Vie 23.04.2010
las12

Infierno y Paraíso

Hace menos de un siglo, el desierto que hoy es Kuwait era el hogar de tribus nómades que vivían del comercio marítimo y de bucear en busca de perlas. Hoy, más de 50 años después de encontrar una de las reservas de petróleo más importantes del mundo, el país creado por los ingleses en una superficie menor a la de la provincia de Tucumán es un paraíso cuasi socialista, aunque más no sea para unos pocos.

Sólo un tercio de la población es kuwaití, el resto son inmigrantes asiáticos y árabes. Todos gozan de un país sin impuestos, con servicios públicos, una canasta básica y la nafta subsidiados. Pero los primeros, los ciudadanos, también gozan de salud y educación totalmente gratuitas, oportunidades laborales con muy buenos sueldos y pocas horas en el Estado, un subsidio de desempleo mensual que equivale a un salario mínimo –unos 1500 dólares– y préstamos sin interés (la usura está penada en el Corán) para empezar a construir una casa después de casarse. Según la definición local, un kuwaití pobre es el que sólo puede costear a dos empleados domésticos.

Esa es una realidad. La otra es la de los inmigrantes, los llamados expatriados. No son ciudadanos, ni pueden nacionalizarse. Mientras los kuwaitíes ocupan la mayoría de los cargos y puestos del Estado (el 90 por ciento del presupuesto nacional se gasta en salarios), los inmigrantes hacen todo el resto: manejan taxis, colectivos, atienden los negocios, limpian los hoteles, sirven la comida en los restaurantes y, en el caso de los árabes, especialmente los egipcios, enseñan en las escuelas públicas. La mayoría vive en la informalidad, con contratos orales, y eso significa sueldos mucho más bajos que el mínimo. Según reconoció un funcionario a este diario, un taxista puede ganar entre 200 y 300 dólares al mes. Ni siquiera un tercio de lo que el Estado les pide de garantía a los trabajadores inmigrantes para que puedan traer al país al resto de sus familias.

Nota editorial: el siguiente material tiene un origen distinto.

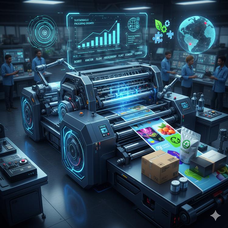 Key industry players, including Bobst, Amcor PLC, Heidelberger Druckmaschinen AG, and Flint Group, are actively shaping the market by focusing on advanced printing technologies, sustainable product offerings, and strategic investments to enhance global competitiveness in diverse packaging applications.

Las mujeres inmigrantes sufren doblemente la informalidad. En un país donde la ley laboral no incluye a las empleadas domésticas y donde la violencia de género es un tabú, las miles de asiáticas que trabajan limpiando casas son totalmente invisibles, no existen ni para el Estado ni para la sociedad. “Tienen que tener la invitación de una casa para venir al país; y si después quieren cambiar de trabajo o de casa, tienen que tener la autorización de su empleadora. Si ella no lo consiente, se deben quedar allí. Algunas se escapan y terminan siendo explotadas sexualmente. Es un problema que aún tenemos pendiente”, reconoció una de las cuatro mujeres en la Asamblea Nacional, Aseel al Awadhi.